• PROBLEM TO WORK ON
Everything in the listing below must be reproduced exactly, apart from its images.
%%
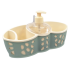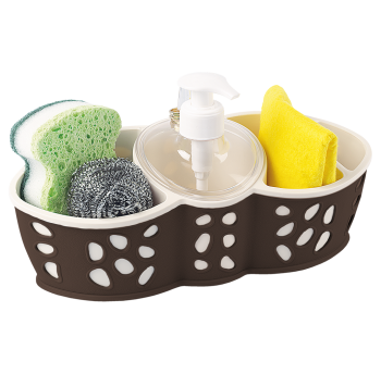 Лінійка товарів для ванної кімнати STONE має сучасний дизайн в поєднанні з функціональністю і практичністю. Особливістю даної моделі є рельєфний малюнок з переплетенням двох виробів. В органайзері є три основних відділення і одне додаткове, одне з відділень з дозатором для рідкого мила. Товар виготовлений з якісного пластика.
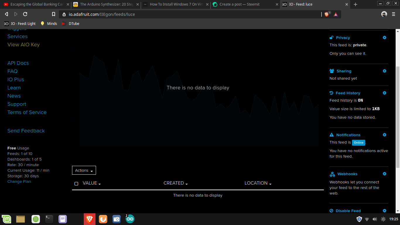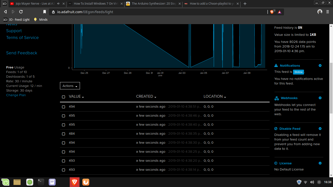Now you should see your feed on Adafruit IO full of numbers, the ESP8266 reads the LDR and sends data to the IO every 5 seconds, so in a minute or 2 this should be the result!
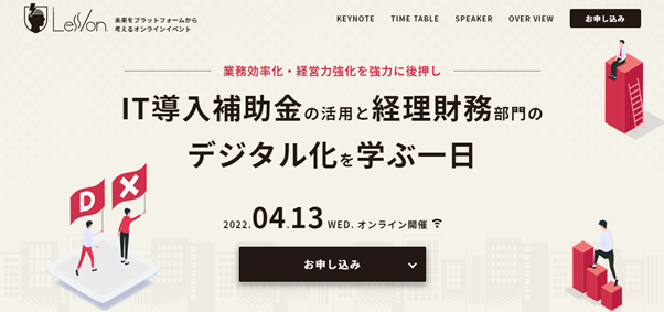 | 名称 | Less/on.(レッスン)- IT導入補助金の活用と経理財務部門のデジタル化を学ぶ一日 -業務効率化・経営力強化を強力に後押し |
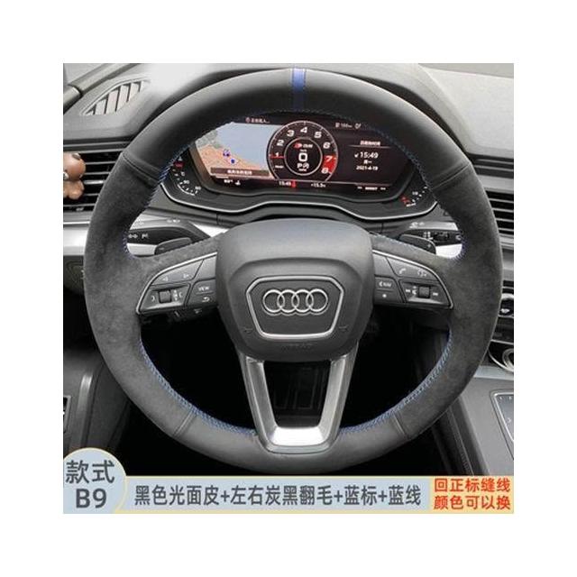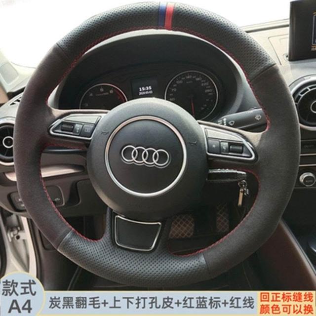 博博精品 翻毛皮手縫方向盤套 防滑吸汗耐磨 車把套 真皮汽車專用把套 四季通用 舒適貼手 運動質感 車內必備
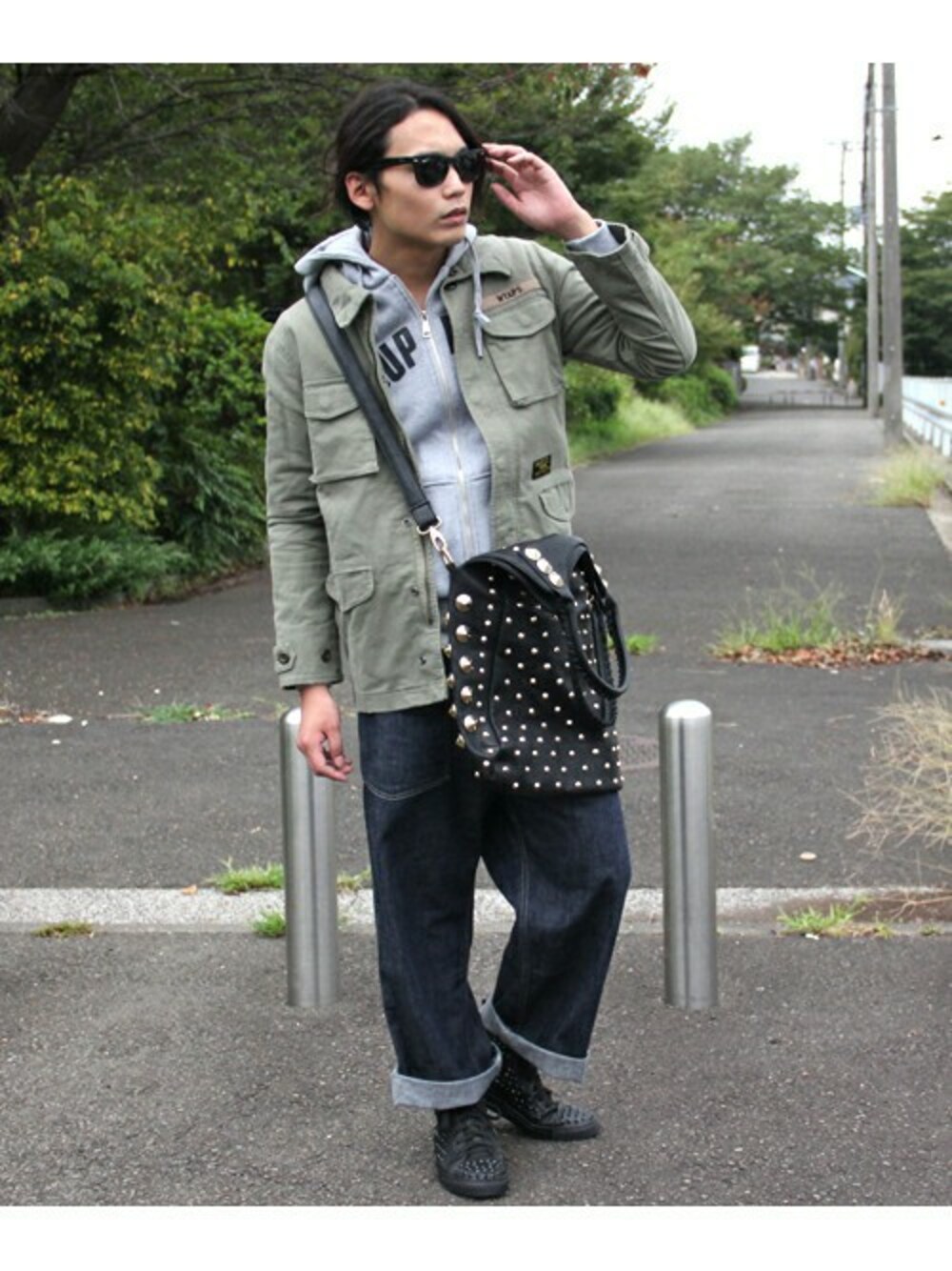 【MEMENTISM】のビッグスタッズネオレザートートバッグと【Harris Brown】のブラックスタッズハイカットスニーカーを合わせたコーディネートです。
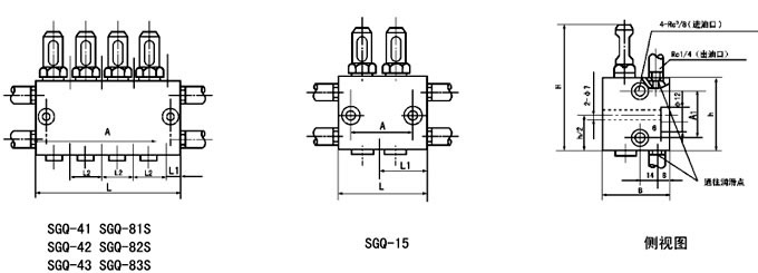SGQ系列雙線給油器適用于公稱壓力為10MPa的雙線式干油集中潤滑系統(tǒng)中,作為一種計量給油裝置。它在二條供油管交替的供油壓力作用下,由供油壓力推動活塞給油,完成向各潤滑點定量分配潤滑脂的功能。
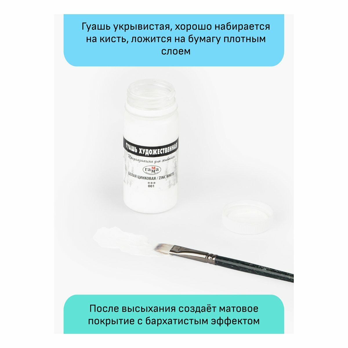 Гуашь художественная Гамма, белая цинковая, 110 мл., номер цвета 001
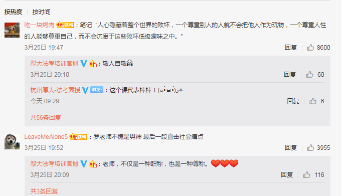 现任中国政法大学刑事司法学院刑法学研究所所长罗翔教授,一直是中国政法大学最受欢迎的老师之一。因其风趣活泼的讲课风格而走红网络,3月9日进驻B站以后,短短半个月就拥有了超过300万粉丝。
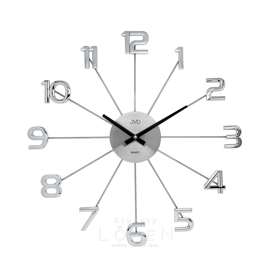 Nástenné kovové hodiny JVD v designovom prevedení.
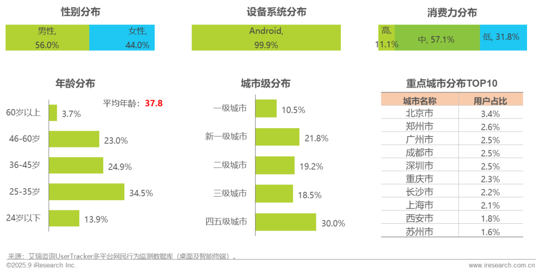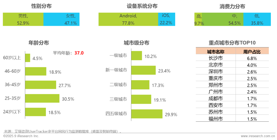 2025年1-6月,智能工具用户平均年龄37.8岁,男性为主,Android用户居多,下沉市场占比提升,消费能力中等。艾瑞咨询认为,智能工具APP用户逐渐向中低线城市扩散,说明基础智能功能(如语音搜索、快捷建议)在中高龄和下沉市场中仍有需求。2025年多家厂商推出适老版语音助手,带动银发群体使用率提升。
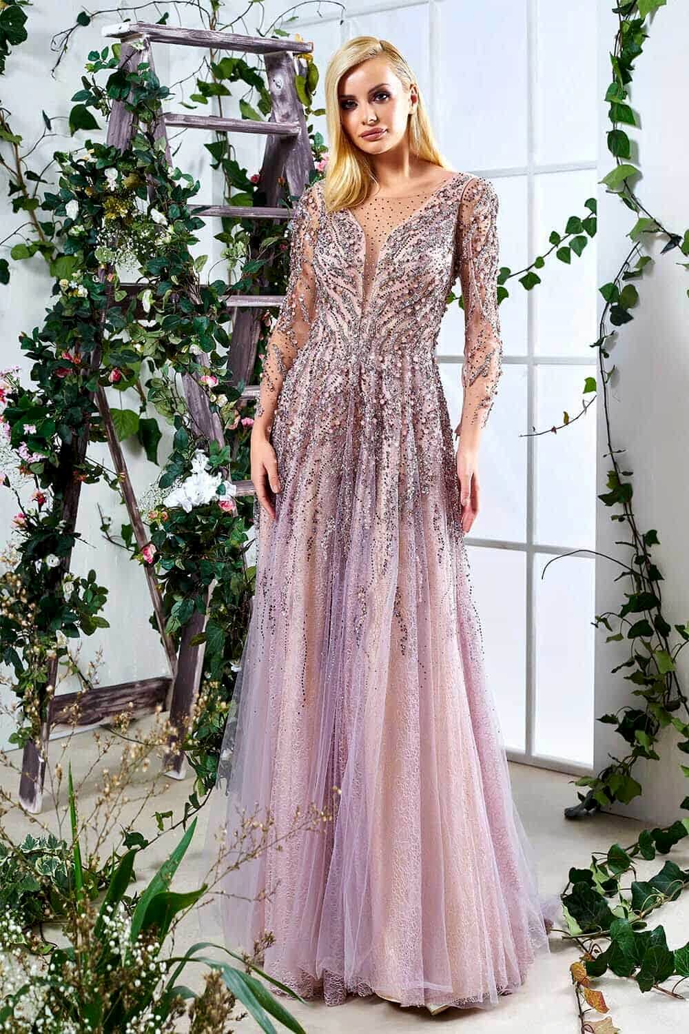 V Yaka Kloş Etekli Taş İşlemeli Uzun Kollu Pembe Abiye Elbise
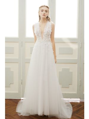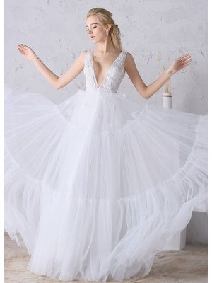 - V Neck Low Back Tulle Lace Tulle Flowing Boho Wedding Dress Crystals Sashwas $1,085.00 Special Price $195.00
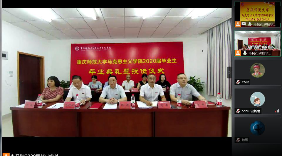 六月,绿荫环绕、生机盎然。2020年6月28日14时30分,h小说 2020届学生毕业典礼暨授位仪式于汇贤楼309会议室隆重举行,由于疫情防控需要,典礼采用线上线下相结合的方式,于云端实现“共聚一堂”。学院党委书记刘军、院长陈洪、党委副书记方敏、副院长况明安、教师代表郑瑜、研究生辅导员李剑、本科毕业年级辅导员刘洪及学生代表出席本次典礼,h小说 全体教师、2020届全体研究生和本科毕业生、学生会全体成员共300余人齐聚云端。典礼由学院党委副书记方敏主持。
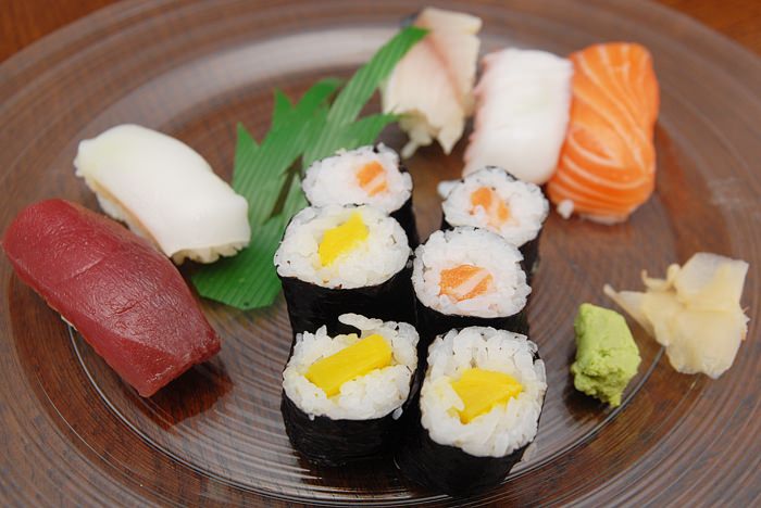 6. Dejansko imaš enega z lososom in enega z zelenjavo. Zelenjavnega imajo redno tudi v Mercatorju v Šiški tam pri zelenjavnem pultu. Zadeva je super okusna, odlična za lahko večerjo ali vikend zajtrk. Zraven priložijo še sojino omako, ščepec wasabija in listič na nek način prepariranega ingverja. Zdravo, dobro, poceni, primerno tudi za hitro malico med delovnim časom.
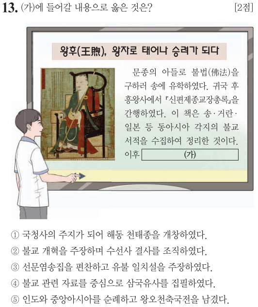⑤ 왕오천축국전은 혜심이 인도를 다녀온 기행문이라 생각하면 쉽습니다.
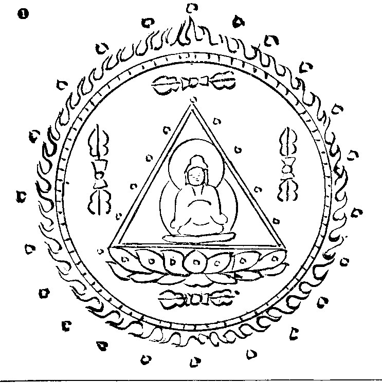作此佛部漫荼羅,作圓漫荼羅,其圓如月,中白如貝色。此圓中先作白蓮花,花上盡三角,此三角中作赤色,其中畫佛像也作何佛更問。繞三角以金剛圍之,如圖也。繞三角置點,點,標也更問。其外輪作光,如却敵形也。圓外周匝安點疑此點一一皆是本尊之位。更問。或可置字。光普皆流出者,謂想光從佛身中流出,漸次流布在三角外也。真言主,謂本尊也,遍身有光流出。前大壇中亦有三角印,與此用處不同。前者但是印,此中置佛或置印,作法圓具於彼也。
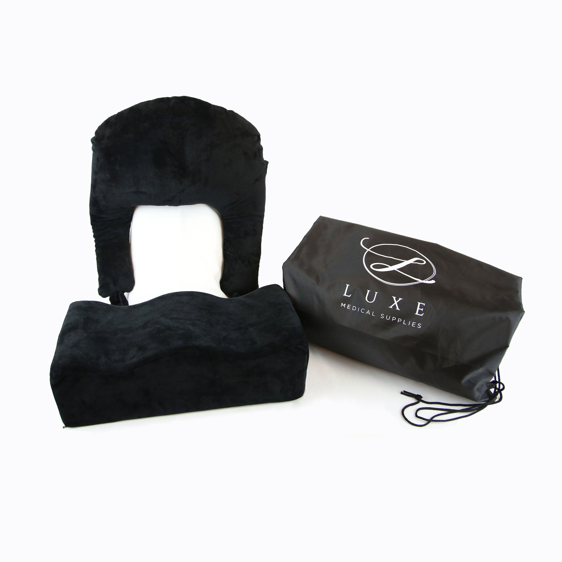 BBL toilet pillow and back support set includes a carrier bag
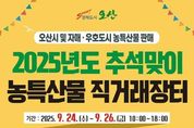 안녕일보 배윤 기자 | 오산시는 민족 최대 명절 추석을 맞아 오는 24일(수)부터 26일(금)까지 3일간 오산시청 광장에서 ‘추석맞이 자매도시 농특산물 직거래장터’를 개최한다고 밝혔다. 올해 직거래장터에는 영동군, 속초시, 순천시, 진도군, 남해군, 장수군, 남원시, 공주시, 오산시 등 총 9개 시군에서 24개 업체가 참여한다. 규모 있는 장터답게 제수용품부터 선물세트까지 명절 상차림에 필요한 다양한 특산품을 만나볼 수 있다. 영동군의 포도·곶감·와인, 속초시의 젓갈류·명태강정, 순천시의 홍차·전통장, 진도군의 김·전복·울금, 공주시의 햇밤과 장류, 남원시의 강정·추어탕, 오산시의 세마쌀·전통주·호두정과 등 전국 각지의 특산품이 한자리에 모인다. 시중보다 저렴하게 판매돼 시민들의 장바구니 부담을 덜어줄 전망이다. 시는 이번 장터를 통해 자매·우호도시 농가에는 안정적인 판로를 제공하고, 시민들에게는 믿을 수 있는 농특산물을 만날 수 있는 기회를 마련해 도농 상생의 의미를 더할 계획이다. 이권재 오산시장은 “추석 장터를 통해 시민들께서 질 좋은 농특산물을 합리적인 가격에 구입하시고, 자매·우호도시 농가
%%
• ANSWER TO THE EXERCISE
 Лінійка товарів для ванної кімнати STONE має сучасний дизайн в поєднанні з функціональністю і практичністю. Особливістю даної моделі є рельєфний малюнок з переплетенням двох виробів. В органайзері є три основних відділення і одне додаткове, одне з відділень з дозатором для рідкого мила. Товар виготовлений з якісного пластика.
Now you should see your feed on Adafruit IO full of numbers, the ESP8266 reads the LDR and sends data to the IO every 5 seconds, so in a minute or 2 this should be the result!
 | 名称 | Less/on.(レッスン)- IT導入補助金の活用と経理財務部門のデジタル化を学ぶ一日 -業務効率化・経営力強化を強力に後押し |
 博博精品 翻毛皮手縫方向盤套 防滑吸汗耐磨 車把套 真皮汽車專用把套 四季通用 舒適貼手 運動質感 車內必備
 【MEMENTISM】のビッグスタッズネオレザートートバッグと【Harris Brown】のブラックスタッズハイカットスニーカーを合わせたコーディネートです。
SGQ系列雙線給油器適用于公稱壓力為10MPa的雙線式干油集中潤滑系統(tǒng)中,作為一種計量給油裝置。它在二條供油管交替的供油壓力作用下,由供油壓力推動活塞給油,完成向各潤滑點定量分配潤滑脂的功能。
 Гуашь художественная Гамма, белая цинковая, 110 мл., номер цвета 001
 现任中国政法大学刑事司法学院刑法学研究所所长罗翔教授,一直是中国政法大学最受欢迎的老师之一。因其风趣活泼的讲课风格而走红网络,3月9日进驻B站以后,短短半个月就拥有了超过300万粉丝。
 Nástenné kovové hodiny JVD v designovom prevedení.
 2025年1-6月,智能工具用户平均年龄37.8岁,男性为主,Android用户居多,下沉市场占比提升,消费能力中等。艾瑞咨询认为,智能工具APP用户逐渐向中低线城市扩散,说明基础智能功能(如语音搜索、快捷建议)在中高龄和下沉市场中仍有需求。2025年多家厂商推出适老版语音助手,带动银发群体使用率提升。
 V Yaka Kloş Etekli Taş İşlemeli Uzun Kollu Pembe Abiye Elbise
 - V Neck Low Back Tulle Lace Tulle Flowing Boho Wedding Dress Crystals Sashwas $1,085.00 Special Price $195.00
 六月,绿荫环绕、生机盎然。2020年6月28日14时30分,h小说 2020届学生毕业典礼暨授位仪式于汇贤楼309会议室隆重举行,由于疫情防控需要,典礼采用线上线下相结合的方式,于云端实现“共聚一堂”。学院党委书记刘军、院长陈洪、党委副书记方敏、副院长况明安、教师代表郑瑜、研究生辅导员李剑、本科毕业年级辅导员刘洪及学生代表出席本次典礼,h小说 全体教师、2020届全体研究生和本科毕业生、学生会全体成员共300余人齐聚云端。典礼由学院党委副书记方敏主持。
 6. Dejansko imaš enega z lososom in enega z zelenjavo. Zelenjavnega imajo redno tudi v Mercatorju v Šiški tam pri zelenjavnem pultu. Zadeva je super okusna, odlična za lahko večerjo ali vikend zajtrk. Zraven priložijo še sojino omako, ščepec wasabija in listič na nek način prepariranega ingverja. Zdravo, dobro, poceni, primerno tudi za hitro malico med delovnim časom.
⑤ 왕오천축국전은 혜심이 인도를 다녀온 기행문이라 생각하면 쉽습니다.
作此佛部漫荼羅,作圓漫荼羅,其圓如月,中白如貝色。此圓中先作白蓮花,花上盡三角,此三角中作赤色,其中畫佛像也作何佛更問。繞三角以金剛圍之,如圖也。繞三角置點,點,標也更問。其外輪作光,如却敵形也。圓外周匝安點疑此點一一皆是本尊之位。更問。或可置字。光普皆流出者,謂想光從佛身中流出,漸次流布在三角外也。真言主,謂本尊也,遍身有光流出。前大壇中亦有三角印,與此用處不同。前者但是印,此中置佛或置印,作法圓具於彼也。
 BBL toilet pillow and back support set includes a carrier bag
 안녕일보 배윤 기자 | 오산시는 민족 최대 명절 추석을 맞아 오는 24일(수)부터 26일(금)까지 3일간 오산시청 광장에서 ‘추석맞이 자매도시 농특산물 직거래장터’를 개최한다고 밝혔다. 올해 직거래장터에는 영동군, 속초시, 순천시, 진도군, 남해군, 장수군, 남원시, 공주시, 오산시 등 총 9개 시군에서 24개 업체가 참여한다. 규모 있는 장터답게 제수용품부터 선물세트까지 명절 상차림에 필요한 다양한 특산품을 만나볼 수 있다. 영동군의 포도·곶감·와인, 속초시의 젓갈류·명태강정, 순천시의 홍차·전통장, 진도군의 김·전복·울금, 공주시의 햇밤과 장류, 남원시의 강정·추어탕, 오산시의 세마쌀·전통주·호두정과 등 전국 각지의 특산품이 한자리에 모인다. 시중보다 저렴하게 판매돼 시민들의 장바구니 부담을 덜어줄 전망이다. 시는 이번 장터를 통해 자매·우호도시 농가에는 안정적인 판로를 제공하고, 시민들에게는 믿을 수 있는 농특산물을 만날 수 있는 기회를 마련해 도농 상생의 의미를 더할 계획이다. 이권재 오산시장은 “추석 장터를 통해 시민들께서 질 좋은 농특산물을 합리적인 가격에 구입하시고, 자매·우호도시 농가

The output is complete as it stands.